Problem statement:
Only the lines from the one containing "Схема подъемного моста" through the end of the listing belong in the answer, repeated exactly, with no pictures.

-------- Information provided

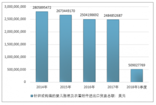 2016年我國(guó)針織或鉤編的嬰兒服裝及衣著附件進(jìn)出口貿(mào)易總額2504198692美元,2017年進(jìn)出口貿(mào)易總額2484852687美元;2018年1季度進(jìn)出口貿(mào)易總額509027769美元。
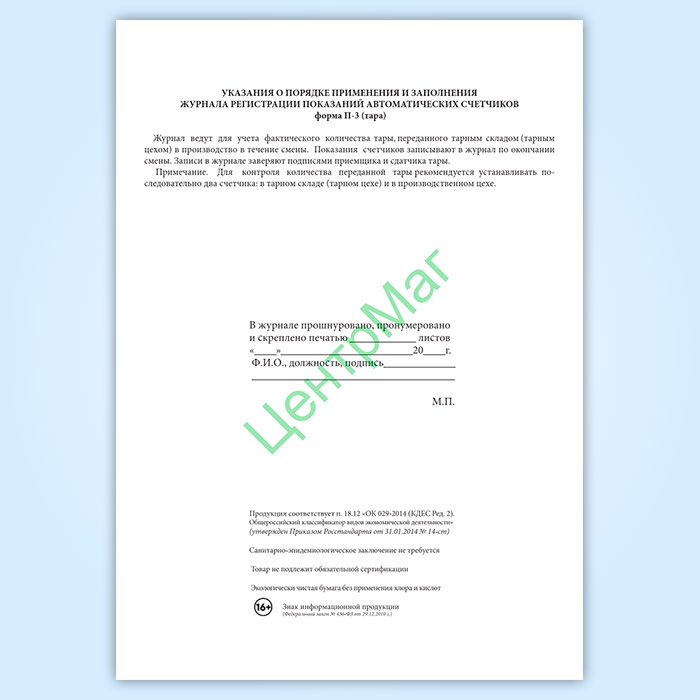 Журнал регистрации показаний автоматических счетчиков (форма № П-3 тара) в Бердске купить
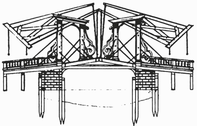 Схема подъемного моста через Зимнедомский канал, построенного по проекту Германа ван Болеса
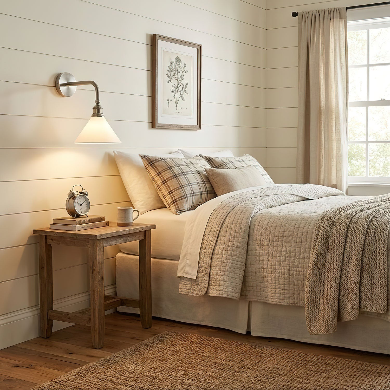 • Ceiling Fixtures: Bedrooms benefit from soft, ambient lighting. Use the room dimension formula to ensure the ceiling fixture is properly scaled. Semi-flush or flush mounts work well for general lighting, while sconces or bedside lamps provide focused task lighting.

----------------

Result of this exercise:
 Схема подъемного моста через Зимнедомский канал, построенного по проекту Германа ван Болеса
 • Ceiling Fixtures: Bedrooms benefit from soft, ambient lighting. Use the room dimension formula to ensure the ceiling fixture is properly scaled. Semi-flush or flush mounts work well for general lighting, while sconces or bedside lamps provide focused task lighting.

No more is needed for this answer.